You seem to know the workings of the web
server, the
Apache MPM prefork, very well. And only you know the load patterns of your Moodle. So I assume, there is nothing to see in this corner. Otherwise, that is the place to start.
Still, talking about "seeing", your conclusions are based purely on theory, estimations. Or, do you have actual measurements? Just snapshots are not sufficient, you need continuous measurements, a proper monitoring 24x7 and then relate the behaviour to user activity. For example, in this graph the
Apache has run out of available processes Tuesday at 22 hours:
That applies to all other parameters you were talking about.
BTW, the vertical load above was artificial, the web sever was hit with a benchmarking client.
Absolutely important: The
server should not swap. If it must, a couple of hundred MB are OK, if frozen. (The OS not releasing the memory after a short crisis.) But never grow, definitely not towards the GB range! Rebooting the server is a joke the Windows folks crack, Unixers avoid them at all cost!

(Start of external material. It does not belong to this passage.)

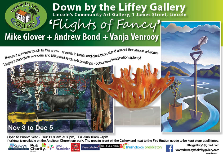 ‘Flights of Fancy’ November 1, 2021November 1, 2021 downbytheliffeygallery Uncategorized Mike Glover Andrew Bond Vanja Venrooy There’s a surrealist touch to this show – animals in boats and giant birds stand amidst the various artworks. Vanja’s fused glass wonders and Mike and Andrew’s paintings – colour and imagination aplenty!

Memory analysis is more complicated. I'm surprised that you said "doesn't ever seem to use more than 50% of this". What is used, what is unused? The OS fills the memory with all sorts of caches and buffers when free - "just in case" and release them when needed elsewhere. Do you count these as used or as unused? A good measurement tool will give you a full breakdown - in to a dozen of items, swap marked in red. ;)
I would follow up on that line. Starting with the size of your
database (or databases, if the DBMS has more)? 64 GB RAM is respectable, as long as the DBs don't add up to 50 GB.

And what about caching, Redis and the like? They save memory by reusing, but bring their own overhead. If you don't have one now, don't add until you sort out the current problem - it'll make debugging more involved.